BW-301c · Module 3
Multi-Author Summaries
5 min read
A multi-author document has five contributors and one executive summary. The summary reads in one voice. This is the goal. In practice, multi-author executive summaries often read as a diplomatic compromise between five different writing styles and five different priorities — each contributor's section gets equal billing, the strongest argument gets diluted because someone else's section needed to be represented, and the result is a summary that is fair to the team and useless to the reader.
Synthesis is not aggregation. Synthesizing five contributors'arguments into one coherent executive summary is a distinct skill from writing any of the contributing sections.

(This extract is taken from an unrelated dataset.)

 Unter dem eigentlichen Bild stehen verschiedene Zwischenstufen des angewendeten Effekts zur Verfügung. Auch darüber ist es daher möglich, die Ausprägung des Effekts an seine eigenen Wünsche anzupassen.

- Designate One Writer The executive summary should be written by one person. That person reads all contributions, understands the full argument, and writes a summary that represents the conclusion of the work — not the conclusion of each section in sequence. This person is not a co-author of the summary. They are the editor who produces a document from source material. The contributors review for accuracy, not for equal representation.
- Establish the Thesis Before Writing Before any contributor writes a word of their section, the team should agree on the thesis — the single overarching claim the document supports. The thesis is the organizing principle of the executive summary. Every section of the body provides evidence for the thesis. The summary presents the thesis and the primary evidence. If the team cannot agree on a thesis before writing, the body will contain conflicting arguments and the summary will be a committee product: internally consistent with nobody and externally useful to no one.

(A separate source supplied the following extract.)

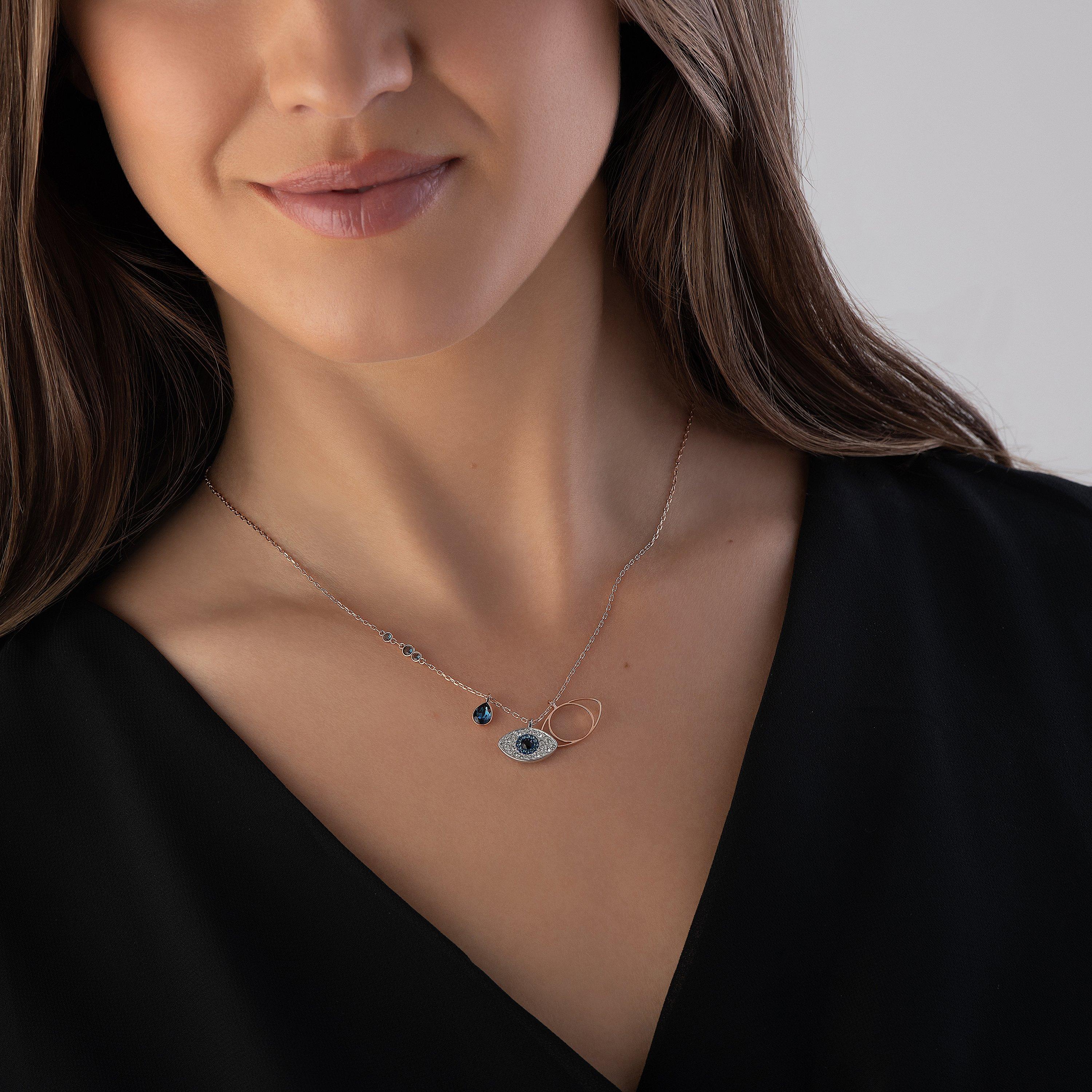 REVIEW SWAROVSKI Crystal Duo Evil Eye Rose Gold Plated Necklace ITEM CODE 5172560 Very well made.

- Review for One Voice, Not Consensus The review process for multi-author executive summaries has one question: does this summary accurately represent the argument? It does not have the question: is my section adequately represented? A contributor whose section's finding appears in one sentence of the summary should accept that sentence if it accurately represents the finding. The summary's loyalty is to the argument, not to the contributors. This is a political challenge in most organizations. It is also the difference between a summary that works and one that does not.